Faire croire que la maladie est jugulée, ou à l'inverse dramatiser à l'excès en visant plus particulièrement certaines catégories, ces deux attitudes ont des effets pervers désastreux qui réduisent à néant les efforts d'information et d'éducation sanitaire entrepris par ailleurs.
Or, en l'état, la lutte contre le sida, c'est avant tout l'information et l'éducation sanitaire. En l'espèce les messages sont particulièrement difficiles à faire passer puisque l'on interfère dans la vie privée en cherchant à modifier les comportements sexuels de chacun.
L'idée est encore beaucoup trop répandue que seules certaines catégories de la population — homosexuels et drogues notamment sont vulnérables et son susceptibles de transmettre le virus.
Tout le monde doit savoir qu'il suffit d'une relation sexuelle avec une ou un partenaire lui-même séropositif pour être soi-même infecté et que le virus se transmet ainsi entre des personnes qui ne sont en aucune façon des sujets à risques. La fidélité à un seul partenaire lui-même fidèle ou l'usage des préservatifs sont les seuls moyens sûrs de prévention.
Il faut donc oser parler du sida, oser parler de la sexualité. La vie de millions d'êtres humains dépend de la capacité à vaincre les tabous et à convaincre.
Ce combat ne peut laisser personne indifférent parce que chacun est concerné, directement ou pour ses proches.
L'humanité toute entière est concernée puisque même si certains continents ont été touchés plus précocement et plus durement que d'autres, aucun n'est aujourd'hui épargné.
Face à un tel fléau, qui pose en termes nouveaux des problèmes différents, les pratiques anciennes sont dépassées. La solidarité et la coopération internationale s'imposent à tous les niveaux, au premier plan, celui de la recherche, mais aussi pour les soins et l'assistance à apporter aux malades.
Cette rencontre de Montréal aura permis une réflexion commune de tous ceux qui, dans le monde, se sentent volontairement partie prenante d'une approche nouvelle de la maladie fondée sur l'éthique et le respect de la dignité des malades.
Le sida a obligé à aborder autrement le problème de l'homme face à la maladie. La dimension universelle du problème conduit, de façon quelque peu paradoxale, à l'appréhender dans sa dimension humaine, celle de l'individu et de ses droits personnels.

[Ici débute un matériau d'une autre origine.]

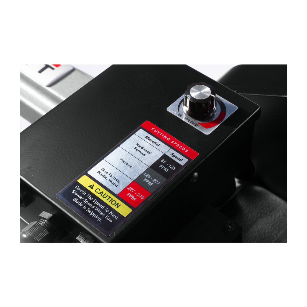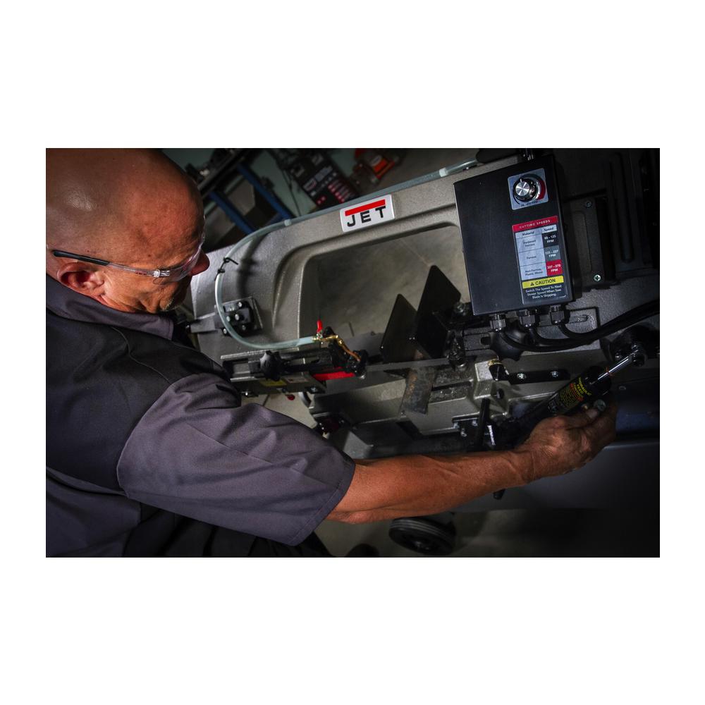 The Jet HVBS-712V Horizontal/Vertical Variable Speed metalworking bandsaw's industry-leading innovation is centered around increased output and operator safety. Powered by a 3-step gear 1 horse power DC motor, the HVBS-712V produces unbeatable torque while consuming less energy and is capable of producing speeds from 88 - 270 SFPM. Backed by Jet's 2-year warranty, this saw won't let you down.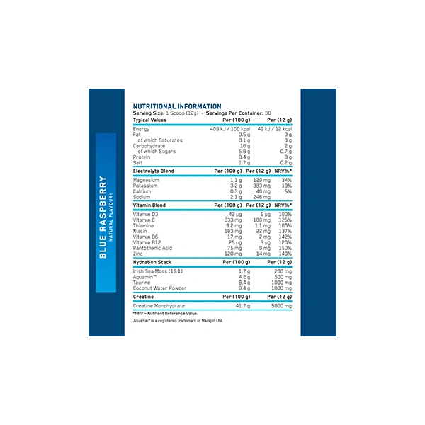 توفر كل جرعة 5 جرام من الكرياتين أحادي الهيدرات، المعروف ليس فقط بتأثيره على أداء العضلات ولكن أيضًا بفوائده الأوسع نطاقًا على الوظائف البدنية. لتحسين الترطيب، تحتوي التركيبة على 500 مجم من Aquamin – مصدر غني بالمعادن البحرية إلى جانب مسحوق ماء جوز الهند الغني بالبوتاسيوم، ومستخلص الطحالب البحرية الأيرلندية، والتوراين لتعزيز ترطيب الخلايا.

La génération à laquelle j'appartiens a déjà appris que c'est de la plus grande barbarie des temps modernes qu'est née une conscience plus aiguë des droits de l'homme.
Lorsque grâce à vos efforts à tous ici, à ceux des chercheurs vis-à-vis desquels se concrètent tous les espoirs, comme à ceux de tous ceux qui oeuvrent directement auprès des malades, le sida aura été définitivement vaincu, puissions-nous constater que cette catastrophe aura permis d'apporter une conscience et une éthique nouvelles à la santé.